Shape and Outliers I

  1. Strongly right skewed, possible outlier at maximum.
  2. Moderately left skewed, no outliers.
  3. Strongly right skewed, outlier at maximum.
  4. Approximately symmetric, no outliers.
  5. Approximately symmetric, no outliers.
  6. Strongly left skewed, no outliers.
  7. Moderately left skewed, outlier at minimum.
  8. Bimodal symmetric, no outliers.


Note (for the QUANTITATIVE EDA questions below):
  • That all four items (Shape, Outliers, Center, and Dispersion) are addressed for each question. Many students may omit outliers if no outliers exist; however, you should explicitly say “no outliers were present” (or similar) as shown below.
  • Center is always described by the mean or the median, never both and never neither one. Which one you choose depends on whether outliers are present (use median), the distriution is more than slightly skewed (use median), or the distribution is no more than slighly skewed and no outliers are present (use mean).
  • Dispersion is always described by the standard deviation or IQR, never both and never neither one.

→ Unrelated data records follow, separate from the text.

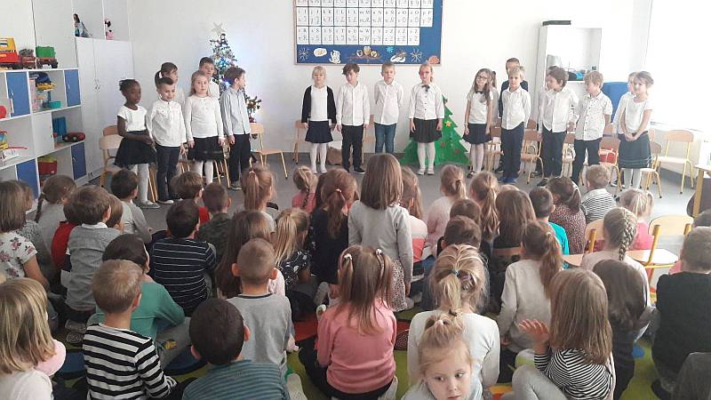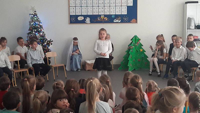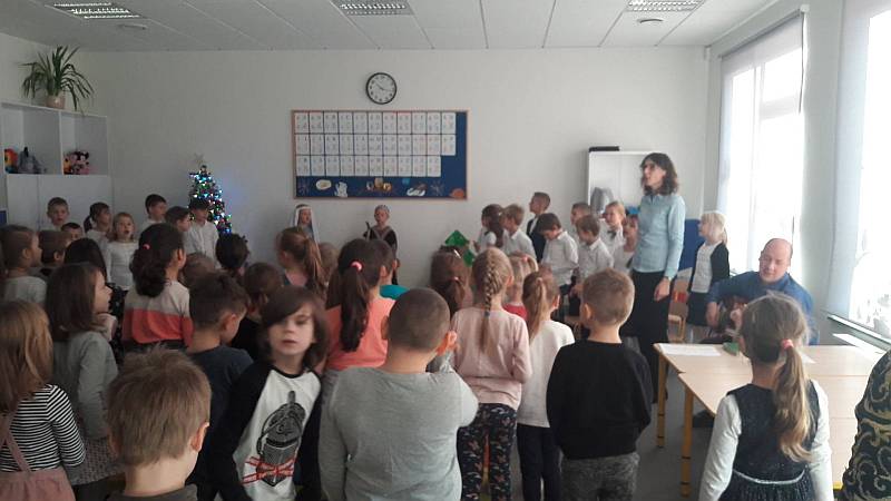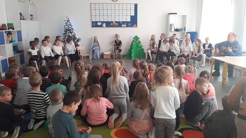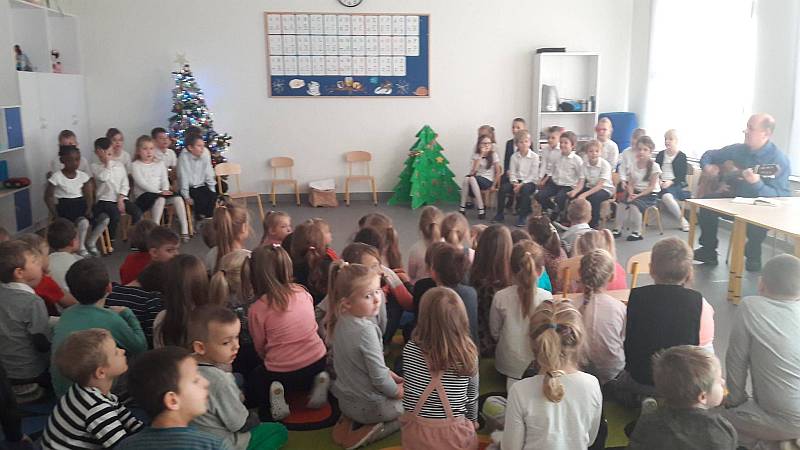 Dnia 19 grudnia 2019 r. uczniowie klasy IA odwiedzili dzieci z Oddziału Przedszkolnego naszej szkoły z programem świątecznym. Był to montaż słowno-muzyczny, w którym mogli wziąć udział, również widzowie. W jaki sposób? Poprzez wspólne śpiewanie kolęd, które przeplatały teksty i wiersze. Dziękujemy Paniom z Oddziału Przedszkolnego za gościnę oraz Panu Skwara za piękny akompaniament na gitarze.
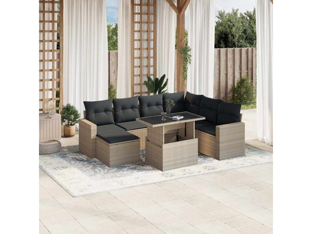 8dílná zahradní sedací souprava a podušky světle šedá polyratan 3267442
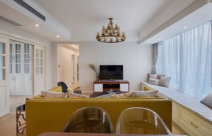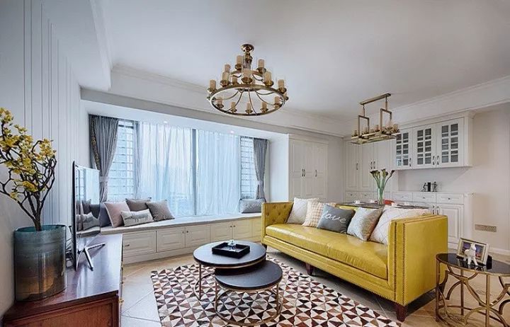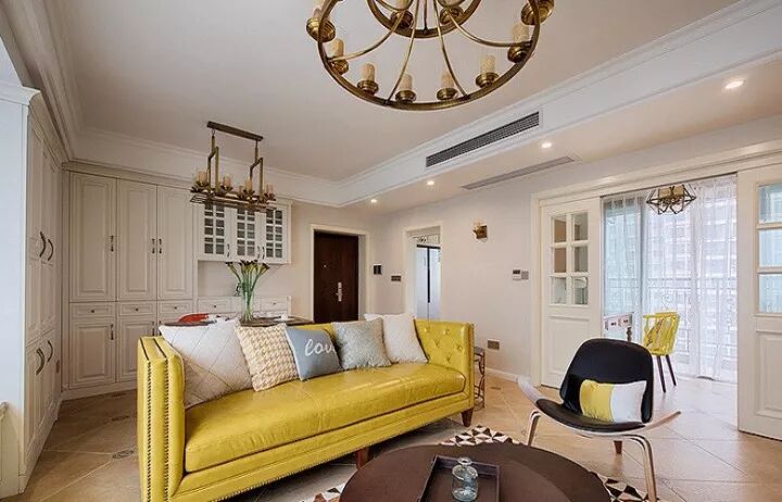 沙发采用了大胆的黄色,在浅色系中显得格外亮眼,不过又使得客厅变得更为时尚和明亮了。吊顶没有过多的装饰,但是烛台式吊灯也可以当做一个实用的装饰品了。
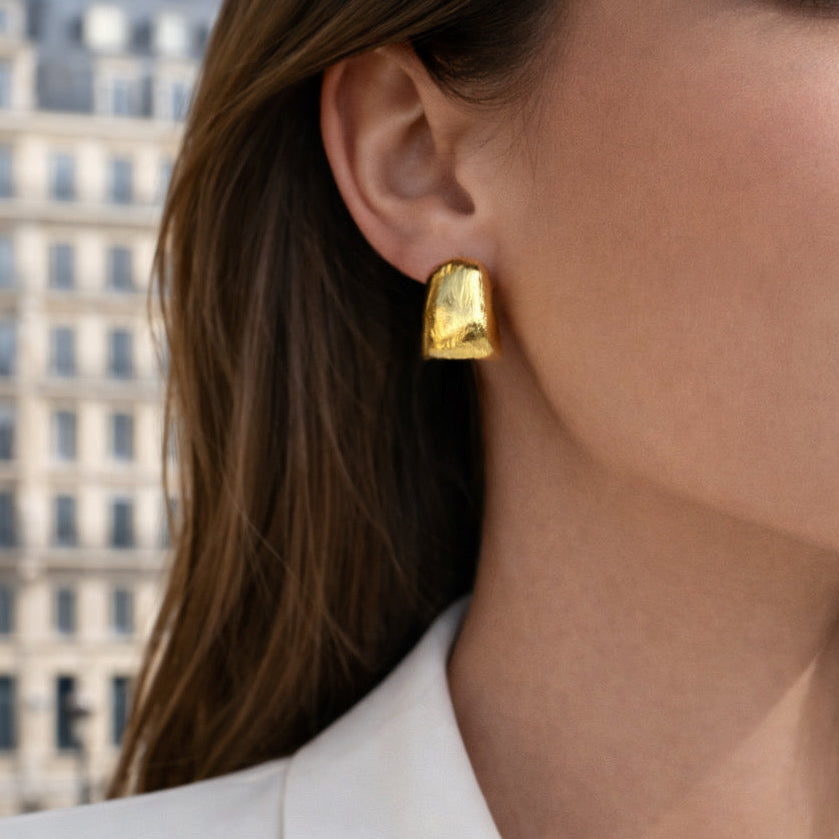 Caractéristiques : acier inoxydable 304 hypoallergénique, finition en plaqué or martelé.
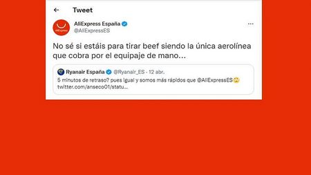 Por supuesto, el CM de AliExpress no se quedó callado. “No sé si estáis para tirar beef siendo la única aerolínea que cobra por el equipaje de mano”, escribió la firma. Lejos de quedarse ahí, Ryanair volvió a citarles, esta vez con una captura de pantalla de la interfaz de la plataforma de ventas, junto al siguiente mensaje: “5 euros te pueden llevar lejos… en algunos lugares. El equipaje de mano es opcional como el beef, recuerda”.
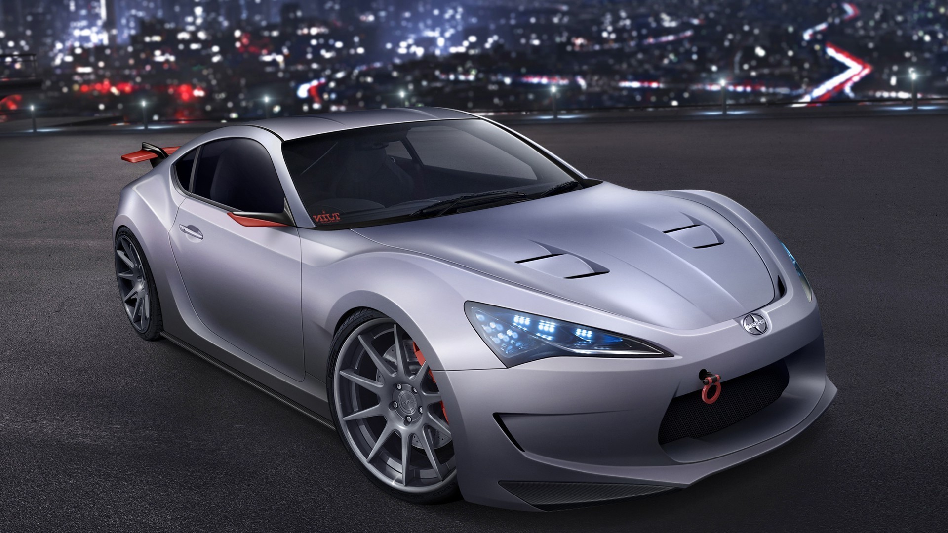 Une voiture de sport argentée se dresse sur la route parmi les collines verdoyantes

Additionally, you can use the range but never by itself (i.e., it should be used in conjunction with the standard deviation or IQR). Whether you use the standard deviation or IQR depends on whether you used the mean (then use the standard deviation) or median (then use the IQR).
  • Include a sentence in each description that describes why you used the mean and standard deviation or used the median and IQR to describe center and dispersion. See answers below for examples.

Commute Time

The distribution of commute times is approximately symmetric with no outliers (Figure 1). The center as measured by the mean is 23.75 mins and the disperision as measured by the standard deviation is 3.54 mins (Table 1). The mean and standard deviation were used because the distribution was symmetric and no outliers were present.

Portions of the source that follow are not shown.